Por Gillian Tett
David Giles, un estudiante de antropología en la Universidad de Washington, pasa mucho de su tiempo pensando en comida. Pero no en víveres de una tienda de abarrotes, granja, cocina familiar o restaurant. En cambio, Giles está obsesionado con “dumpster-diving” (navegar en la basura) o el arte de comer desperdicios de comida de la basura de los estadounidenses.
El antropólogo de Melbourne está analizando cómo grandes volúmenes de comida “comible” está siendo tirada cada día en Estados Unidos porque no reúne las normas culturales o corporativas de comible, o porque las tiendas no quieren mostrar comida que es “fea” (digamos, machucada) o “vieja” (cerca de su fecha de vencimiento). Ya que usualmente es segura para comer, comunidades en lugares como Seattle están ahora saltando a esos contenedores para hurgar en la basura, redefiniendo lo que puede ser comido.
Bienvenidos a una de las muchas paradojas que rodean la comida moderna. En algunos sentidos, EEUU podría parecer estarse llenando de cosas para comer. Cerca de 34% de los adultos son clasificados como obesos y los tamaños de las porciones son vilmente grandes. De hecho, la comida es tan abundante que cerca de 27% de ella es rutinariamente botada.
Pero EEUU, como el resto de occidente, también tiene una popular cultura que venera ser delgado y una industria dietética donde las compañías gastan millones de dólares en hacer que su comida parezca “sana”, incluso si nadie puede acordar realmente lo que significa. En la reunión del año pasado de la Asociación Estadounidense de Antropología, por ejemplo, algunos antropólogos explicaron como habían sido contratados por Campbell’s Soup para estudiar el significado cultural del término “saludable para el corazón”. La compañía estaba preocupada de que si usaban esa etiqueta para una sopa, los consumidores podrían preocuparse de que las otras sopas no fueran saludables, pero nadie pudo definir qué significaba poco saludable.
Más perceptiblemente, y de modo deprimente, las autoridades estadounidenses están mortificándose ahora por la “inseguridad de comida” entre los pobres, incluso en medio de abundancia. Las cocinas de sopa están desparramadas por las ciudades del país y están alcanzando las zonas residenciales. Una de las más visibles formas de asistencia pública es un programa de cupones de alimentos.
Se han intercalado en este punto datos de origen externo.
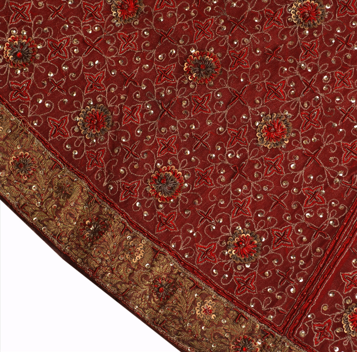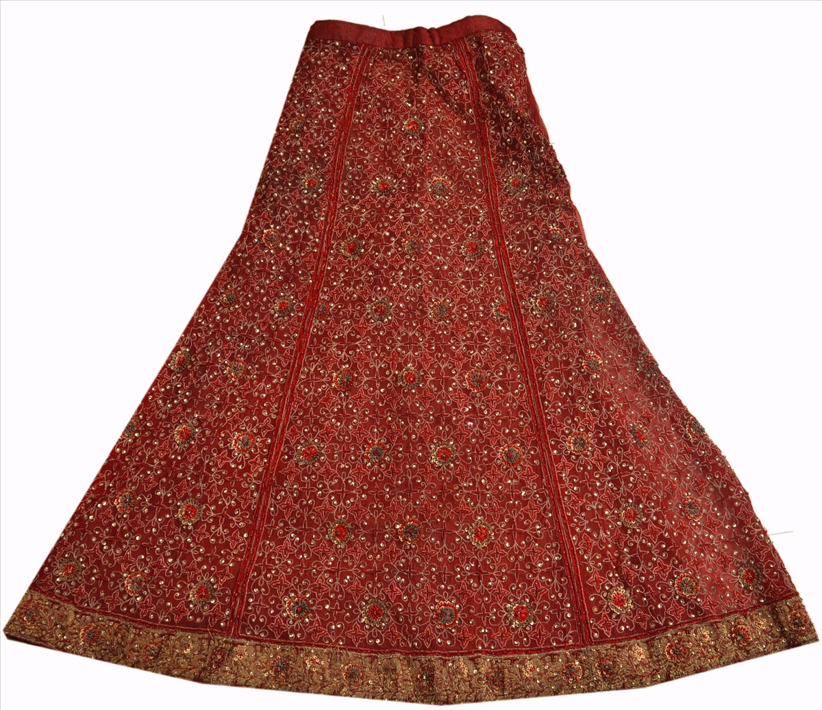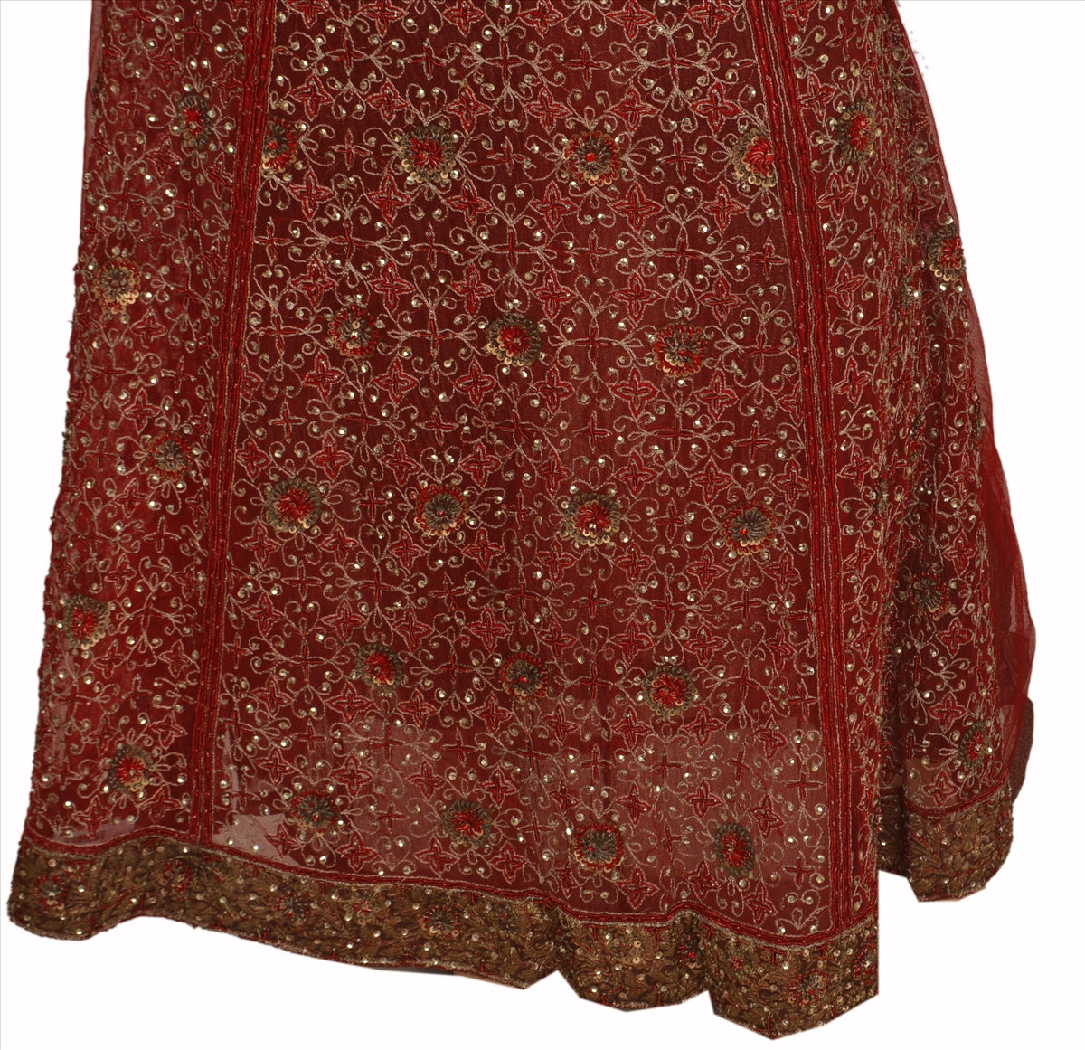 Maroon color net skirt with hand embroidered floral design with gold/maroon thread work, gold zari work, red zardozi work, gold sequins, red ad stone, white glass beads work with golden woven Sustainable Fabric patch work on bottom.., Shimmering sequins work with golden patch work on maroon base Sustainable Fabric is really enhancing the beauty of skirt.

Desde que la crisis financiera comenzó en 2007, un creciente número de estadounidenses ha explotado esta ayuda de comida: 44 millones de personas están siendo alimentadas en alguna medida por el Programa de Asistencia Suplementaria de Nutrición del gobierno.
Susan Johnston, otra antropóloga, está investigando entre los bancos de comida en el condado de West Chester, Pennsylvania. Ella cree que no sólo el número de recipientes está creciendo sino que sus rangos están cambiando también. Aunque solían estar dominados por personas marginales o pobres, ellos incluyen formalmente a familias de suburbios. Por supuesto, en un mundo ideal hay una respuesta obvia: que la comida “basura” podría ser usada para alimentar a “pobres en comida”. Y algunos retailers y compañías de comida están haciendo esto al manejar planes que donan la comida “imperfecta pero comestible” a las cocinas de sopas. Pero los restaurantes generalmente no participan. Ni los dueños de casa.
Algunos estadounidenses están ahora tomando el asunto con sus propias manos. En muchas ciudades, dice Giles, hay ahora comunidades de sumergirse en la basura, compuesta de estudiantes, anarquistas autonombrados, indigentes, familias recientemente pobres o sólo ciudadanos rebeldes. Estas redes operan normalmente fuera de las organizaciones estatales, pero con un fuerte protocolo informal y de contracultura. El espíritu es autosuficiencia, ayuda mutua e independencia del sistema corporativo y estatal, o, como explica Giles, expresar un sentido de “soberanía” al redefinir y reclamar la comida.
Y por supuesto, ahorra dinero. Por estos días Giles se ha unido a esos dumpster-divers para escarbar vegetales y frutas. Como resultado, gasta menos de US$ 100 a la semana en víveres. Sin embargo, muchos verdaderos dumpster-divers ahora gastan mucho menos que eso (si es que gastan). Es un desafío para todos nosotros y una crítica a la cultura del consumo que se ha vuelto loca.